Es ist aber gerade nicht die Verbitterung ausgemusterter mittelalter Säcke, sondern ein bedächtig-heiterer Skeptizismus, der auch die Helden der Element-of-Crime-Lieder so behutsam herausrücken lässt mit ihrem Zorn und ihrer Traurigkeit und ihrem Glück: Sie halten nichts von großspurigen Lebensplänen und schon gar nichts vom Hadern mit den Schicksalsgöttern. Dafür kennen sie das Glück des Stillstands, das im deutschen Wohlstandselend zu finden ist.

„Wo die alten Leute immer / schimpfend an der Ecke stehen / werd ich mich dazugesellen“, singt Regener einmal; aber ihm geht’s nicht ums Mitzetern, sondern eher um amüsierte Anteilnahme, während man zusammen eine Zigarette raucht.

Überhaupt das Älterwerden: „Feige“ findet es Regener, selbst Vater einer Tochter, wenn pseudojunge Eltern ihre Kinder wie ihresgleichen behandelten und die Erziehung verweigerten. „Wir waren nie drauf angewiesen, jung zu sein“, sagt er. „Von Anfang an war klar, dass man unsere Musik auch zehn Jahre später noch machen kann, wenn der süße Vogel Jugend ausgeflogen ist.“

Die zehn Songs des neuen Element-of Crime-Albums hören sich an wie nett gealterte Geschwister großartiger Element-of-Crime-Lieder, die in den neunziger Jahren auf CDs wie „Damals hinterm Mond“ oder „Weißes Papier“ erschienen. „Wer verlangt denn Entwicklung in der Rockmusik?“, fragt Regener und könnte sich gleich ereifern über den Irrglauben der Kulturindustrie, ein Künstler müsse stetig an sich arbeiten oder sich gar neu erfinden. „Wenn wir plötzlich klingen wollten wie Rammstein oder Roland Kaiser – das wäre eine Entwicklung, aber wozu? Wir haben neue Lieder aufgenommen. Die sind anders genug.“

DPA
Im Lied wie im Film: Kneipendunst und Zigarettenqualm („Herr Lehmann“-Darsteller Christian Ulmen und Detlev Buck)
Zu hören ist da zum Beispiel, wie’s ist, wenn eine schöne frische Kneipenbekanntschaft die vorletzte U-Bahn davonfahren lässt („Ein Vollidiot bin ich gern“), während „der letzte Sportsfreund“ nach Hause schleicht. Beschworen wird die Stunde, in der alle Gläser ausgetrunken und alle Sünden vergessen sind: „Frag mich nicht, woher ich komme / sag, du freust dich, mich zu sehen“, heißt es im Titelstück des Albums. Derart viel Kneipendunst und Zigarettenqualm ziehen durch diese Lieder, dass einen beim Zuhören der Drang überkommt, die eigenen Kleider (und den von so viel Melancholie-Schwummer betörten Verstand) hinterher eine Weile an die frische Luft zu hängen.

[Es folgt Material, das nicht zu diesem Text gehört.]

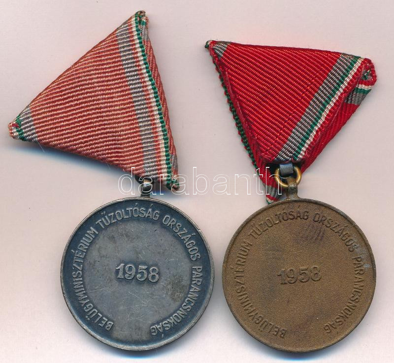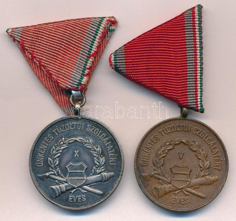 1958. "V Éves Önkéntes Tűzoltói Szolgálatért" bronz kitüntetés, eredeti mellszalagon + "X Éves Önkéntes Tűzoltói Szolgálatért" ezüstpatinázott kitüntetés, eredeti mellszalagon T:AU,XF

Sven Regener aber schlürft im Hackesche-Höfe-Restaurant seinen gesunden grünen Tee, saugt genüsslich die durchs geöffnete Fenster hineinströmende frische Luft in die Lungen und streicht sein Poloshirt glatt: „Diese Hemden sind genau das Richtige für Männer ab Mitte 40“, sinniert er, „die sind so geschnitten, dass sie perfekt den Bauch verdecken.“ Rocker mit dünner werdenden langen Haaren, Lederhosen und klirrenden Sporen gebe es genug.

Der ausgeruhte Rock’n’Roller Regener verkörpert eine Art Gegenprogramm zum Lärm der aktuellen deutschen Sinnkrise. Sollen sich die Leute jeden Sonntag bei „Christiansen“ die Rüben heiß reden, wie verrottet unser Land sei und wie chancenlos und wie wehleidig; mag seit der Bundestagswahl das Gespenst einer plötzlich nach rechts gerückten Kultur-Intelligenzija durchs Gelände geistern – Regeners weltanschauliches Fundament steckt in den Liedzeilen „Alles geht immer irgendwie weiter“ und „Wo deine Füße stehen / ist der Mittelpunkt der Welt“. Mit diesem Mann lässt sich kein Aufbruch organisieren.

Zur Politik und den Politikern zieht Regener, der immer alles ganz genau wissen und auseinander halten möchte und einem das dann ganz genau erklärt (vermutlich Fluch der K-Gruppen-Schule seiner Bremer jungen Jahre), eine der klaren Trennlinien, die er so liebt. Ganz schlimm finde er Musikerkollegen und Schriftsteller, die sich, wie beispielsweise Günter Grass, Herbert Grönemeyer oder Bono, im Nebenberuf als Weltverbesserer und Politikplauderer versuchen.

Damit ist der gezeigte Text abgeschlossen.